• DIRECTIONS:
Although the listing contains pictures, reproduce only its text, exactly as written.

• INFORMATION PROVIDED:
####
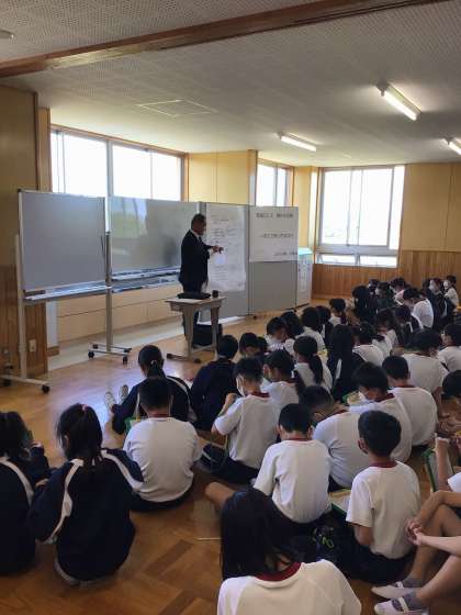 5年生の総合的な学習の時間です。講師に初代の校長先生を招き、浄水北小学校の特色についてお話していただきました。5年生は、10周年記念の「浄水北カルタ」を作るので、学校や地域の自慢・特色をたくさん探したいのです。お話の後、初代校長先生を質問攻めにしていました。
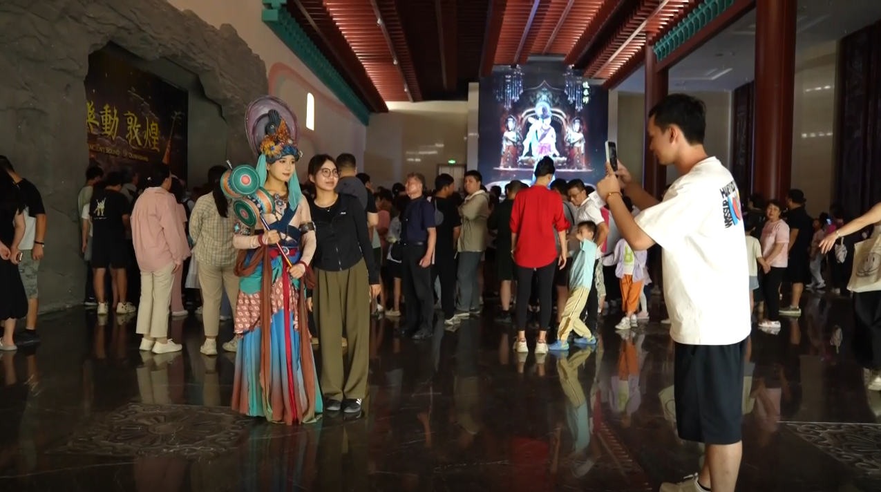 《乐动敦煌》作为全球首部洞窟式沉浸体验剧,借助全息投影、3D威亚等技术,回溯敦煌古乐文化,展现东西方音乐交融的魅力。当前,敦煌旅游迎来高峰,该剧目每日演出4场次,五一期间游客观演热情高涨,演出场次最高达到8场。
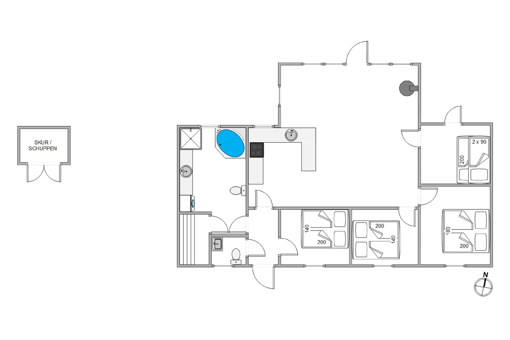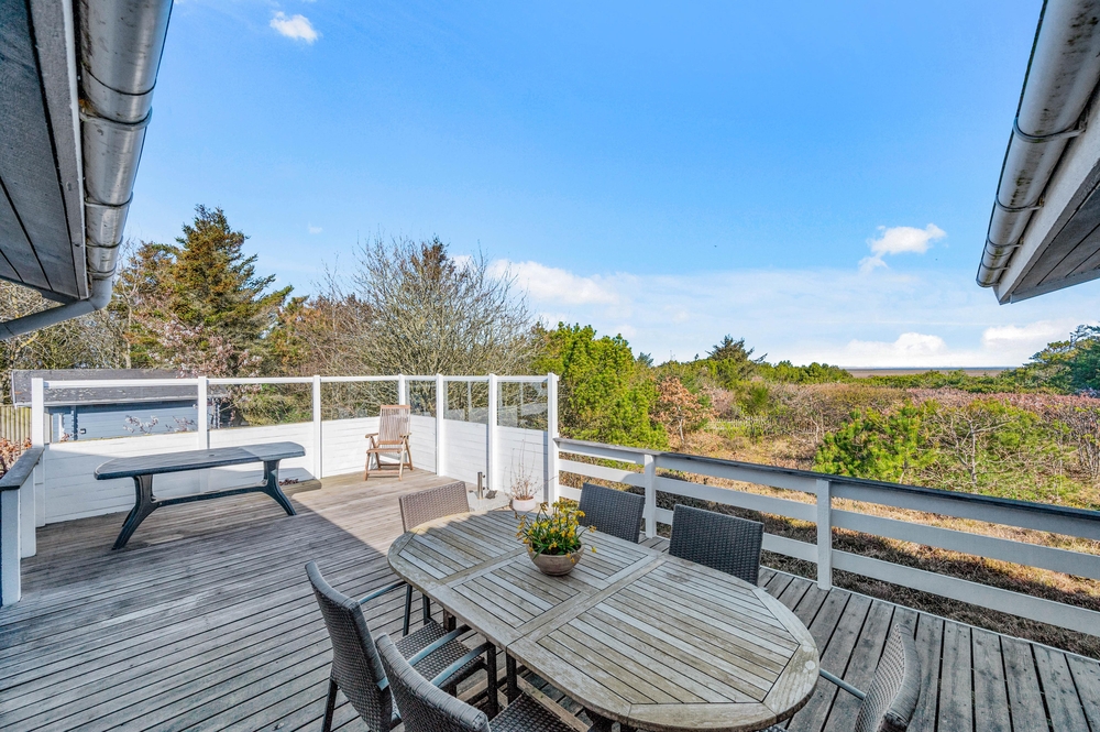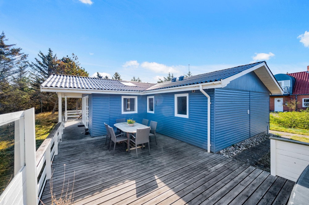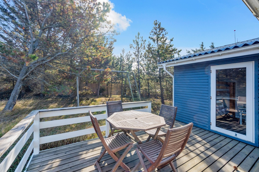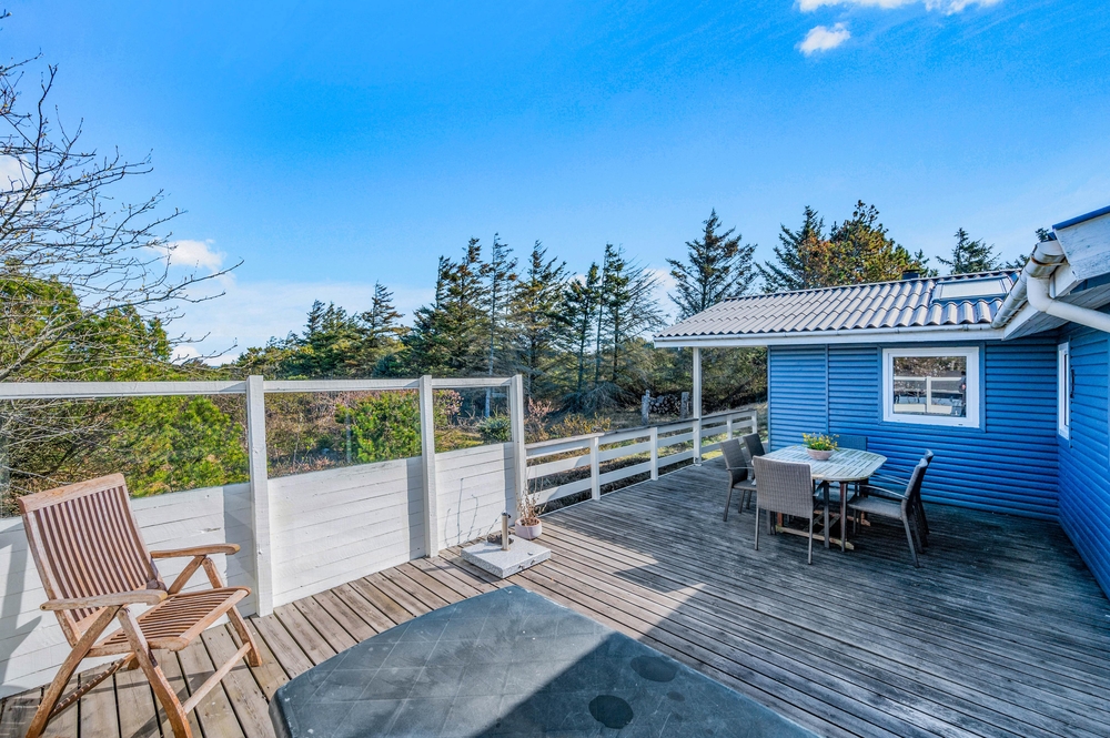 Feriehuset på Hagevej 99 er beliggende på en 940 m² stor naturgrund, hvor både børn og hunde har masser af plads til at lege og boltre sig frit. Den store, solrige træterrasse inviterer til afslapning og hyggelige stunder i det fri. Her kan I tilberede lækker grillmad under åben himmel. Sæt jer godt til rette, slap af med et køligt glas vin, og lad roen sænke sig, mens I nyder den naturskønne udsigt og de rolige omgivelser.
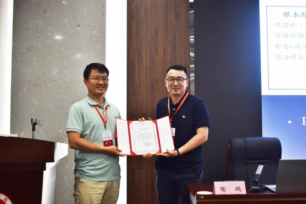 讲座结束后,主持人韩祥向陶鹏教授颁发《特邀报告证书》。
####
• SOLUTION FOR THIS EXERCISE:
 5年生の総合的な学習の時間です。講師に初代の校長先生を招き、浄水北小学校の特色についてお話していただきました。5年生は、10周年記念の「浄水北カルタ」を作るので、学校や地域の自慢・特色をたくさん探したいのです。お話の後、初代校長先生を質問攻めにしていました。
 《乐动敦煌》作为全球首部洞窟式沉浸体验剧,借助全息投影、3D威亚等技术,回溯敦煌古乐文化,展现东西方音乐交融的魅力。当前,敦煌旅游迎来高峰,该剧目每日演出4场次,五一期间游客观演热情高涨,演出场次最高达到8场。
 Feriehuset på Hagevej 99 er beliggende på en 940 m² stor naturgrund, hvor både børn og hunde har masser af plads til at lege og boltre sig frit. Den store, solrige træterrasse inviterer til afslapning og hyggelige stunder i det fri. Her kan I tilberede lækker grillmad under åben himmel. Sæt jer godt til rette, slap af med et køligt glas vin, og lad roen sænke sig, mens I nyder den naturskønne udsigt og de rolige omgivelser.
 讲座结束后,主持人韩祥向陶鹏教授颁发《特邀报告证书》。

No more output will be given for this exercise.